Opioids with abuse-deterrent properties

In 2015, the U.S. Food and Drug Administration (FDA) issued a guidance, Guidance for Industry: Abuse-Deterrent Opioids – Evaluation and Labeling,” that allowed opioids to be labeled as having abuse-deterrent properties and associated claims. The labeling was based on the product’s abuse-deterrent attributes and studies demonstrating a meaningful reduction in abuse.

There are currently nine FDA-approved extended release/long-acting (ER/LA) OADPs on the market with properties that are expected to deter some forms of abuse.

But Waara-Wolleat said no opioid on the market today is completely abuse-deterrent.

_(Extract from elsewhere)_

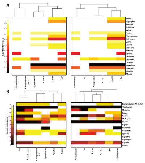 The ability for strains to synthesize and degrade amino acids will have an influence on the redox balance of the cell and consequently, the fermentation products. Differences in the metabolic potential for amino acid synthesis or degradation between strains were quantified using the Jaccard similarity coefficient and visualized as clustergrams (Figure 6). Examination of the biosynthetic pathways reveals distinct clustering of commensal and dairy bacteria. Interestingly, commensal organisms were found to have reduced diversity in their biosynthetic pathways and a wider range of degradative capabilities, particularly in comparison to P. freudenreichii. These findings likely reflect the greater reliance of proteolytic activity as a source of carbon and energy among commensal propionibacteria given their nutrient-scarce microenvironment []. Although representative species for all four genera that compose the former Propionibacterium genus were considered in this analysis, the analysis needs to be expanded further to encompass newly available sequenced species [,,] before it can be generalized more broadly. Only P. acnes was detected as auxotrophic for some amino acids.

“All opioids can be ingested in excess quantities resulting in adverse effects, including death,” she said. “OADP does not mean the product is abuse-proof and none of the opioids, including those with labeling indicating their abuse-deterrent properties, will prevent addiction.”

And, OADPs may not be right for everyone.

Patients who have an increased risk of developing an opioid addiction, such as patients with a personal or family history of substance abuse, need to be evaluated before an OADP is dispensed to them.

“Clinician judgment will determine whether an opioid with abuse-deterrent properties is appropriate for a patient with a past medical history of addiction and clinicians should consider consulting substance use disorder specialists and pain specialists for these patients,” she said.

Combatting the epidemic

Waara-Wolleat said OADPs will have a maximum public-health influence only when substantially all opioids have abuse-deterrent properties and claims in their Full Prescribing Information (FPI).

In the meantime, pharmacists can still work to prevent opioid abuse by educating themselves and their patients, and collaborating with prescribers.

“Pharmacists should be part of the interdisciplinary team managing patients with chronic pain by ensuring collaboration through corresponding responsibility and providing medication therapy management as appropriate for patients,” Warra-Wolleat said.

Additionally, she said pharmacists are encouraged, and in some states required, to check their state’s prescription drug monitoring program and to help identify possible doctor shopping.

Learn more about OADPs

Waara-Wolleat will discuss the use of OADPs and the pharmacist’s role in combatting the opioid epidemic in more detail during her continuing education (CE) session at the 2017 Synergy Conference in Kansas City, Mo., hosted by PBA Health, Pharmacy Providers of Oklahoma (PPOk) and the Oklahoma Pharmacists Association (OPhA) this June.

She said pharmacists can expect to learn about why OADPs are important innovations, the FDA’s direction to those developing OADPs, where to find abuse-deterrent properties and claims, and some of the technologies that are employed or under study for OADPs.

Learn more at pbahealthconference.com.


 

Educating pharmacists and patients about opioids

The Extended-Release and Long-Acting (ER/LA) Opioid Analgesics Risk Evaluation and Mitigation Strategy (REMS) is a strategy required by the U.S. Food and Drug Administration (FDA) to manage known or potential serious risks associated with ER/LA opioid analgesics. The strategy strongly encourages prescribers and pharmacists to do the following.

1. Complete a REMS-compliant education program
Pharmacists should complete an ER/LA opioid analgesics REMS- compliant education program offered by the accredited provider of continuing education (CE) for pharmacy.

2. Provide patient counseling
Pharmacists should use the REMS- provided document to discuss the safe use, serious risks, storage and disposal of ER/LA opioid analgesics with patients or their caregivers.

3. Use the medication guide
Pharmacists should encourage patients and caregivers to read the medication guide they receive when an ER/LA opioid is dispensed to them.